LEGO sells products called Sets, and they are made of a number of LEGO Pieces. Sets all have categorical Themes, like Castle and Star Wars. Some, like Star Wars, are licensed from other IPs. Others, like Castle, are not. Sets also include a number of Minifigures, and were released in a certain Year.
Let’s investigate the Price of LEGO Sets. My first guess is that the Price of each Set is related to how many Pieces it has, so I make a plot with Pieces on the X axis and Price on the Y axis.
Each square is a set.

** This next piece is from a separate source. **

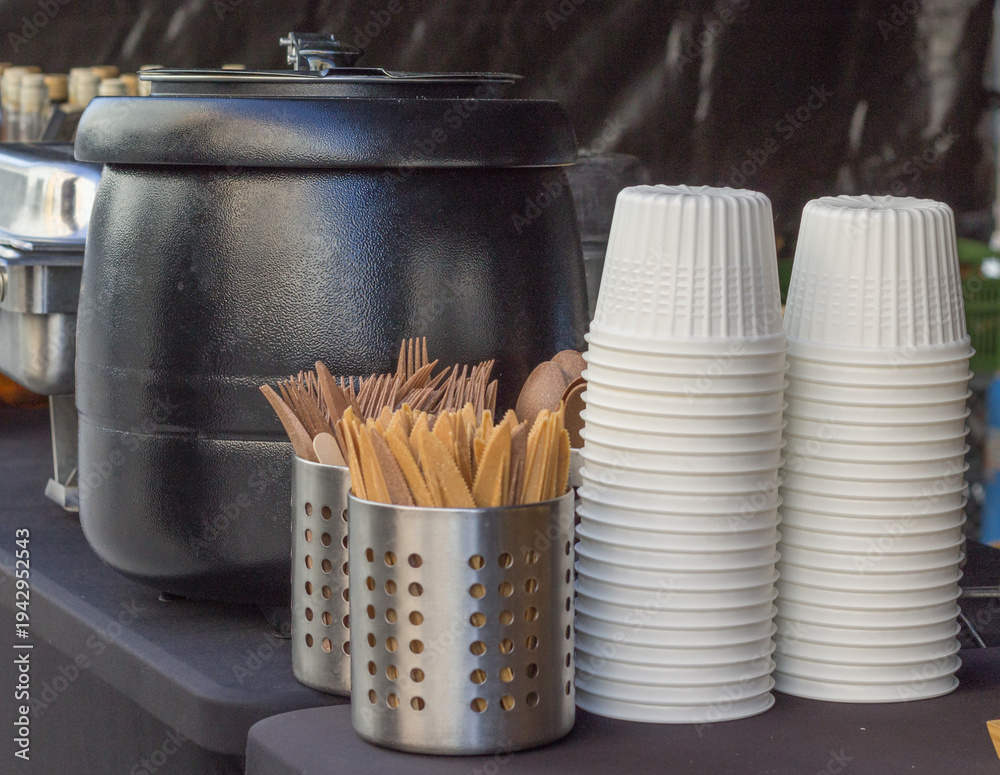 • Stoisko z gorącym napojem na wynos, termosy i stos kubków jednorazowych, drewniane mieszadełka, catering w plenerze.

When several sets share the same spot, I make the square bigger.
As expected, Sets’Prices and Pieces seem to be related: The points are grouped together.
On the Line
To investigate, I’m going to use math to draw a straight line on the graph. The straight line is called a line of best fit. It’s drawn to be the “best line possible” that’s perfectly in the middle between all the points. It’s like taking an average across a range of data.
I’m also going to highlight a few LEGO sets I’ve owned!

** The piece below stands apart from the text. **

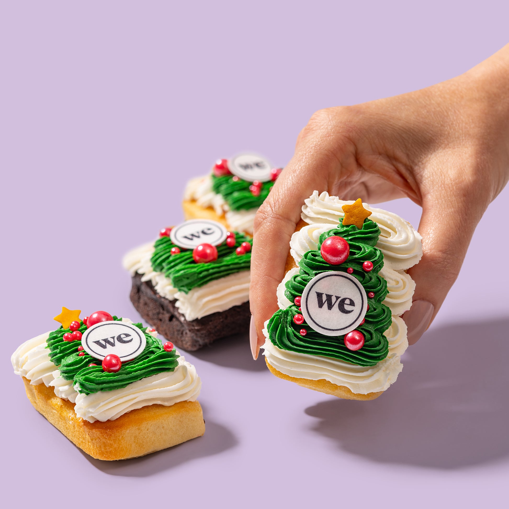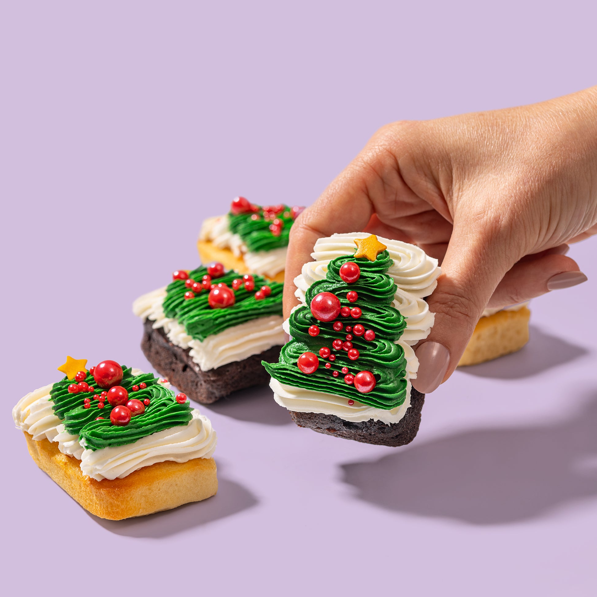 Make your office Christmas party or festive corporate event extra special with our Christmas Mini Loaf Cakes. Each vanilla sponge cake is elegantly frosted with a Christmas tree design and adorned with edible baubles. You can even add your logo for a unique branded touch.
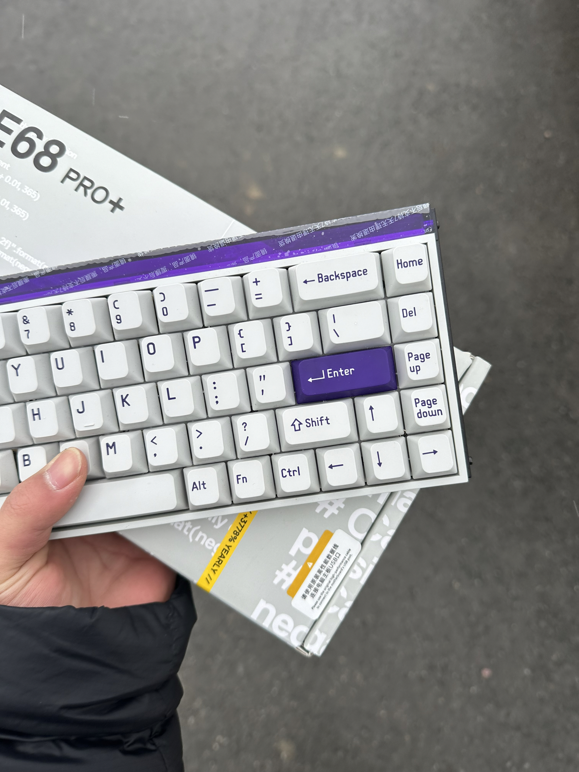 终于拿下了我心心念念的磁轴小蜜蜂Made68pro 白色键帽配上紫色灯箱 是我喜欢的键盘 68键的大小小布局布置 放在桌面上也不占空间 它利用磁力驱动,触发速度快如闪电 手指刚触碰到按键,指令就瞬间传达到游戏里 目前我想着改一下键盘的键帽 大家有推荐的吗?

The distribution of Sets’ Prices and Pieces seems skewed - Most sets are below $100 and 1,000 pieces, but because there are a few big sets, the graph is very zoomed out.
To get a closer look at most of the ldata, I’ll use a mathematical trick to “zoom in” on the ldata we care about.
Changing Perspective: “Log” Scale
Normally, the halfway point between 0 and 100 is 50. We can change this with the Logarithmic Scale (or Log scale).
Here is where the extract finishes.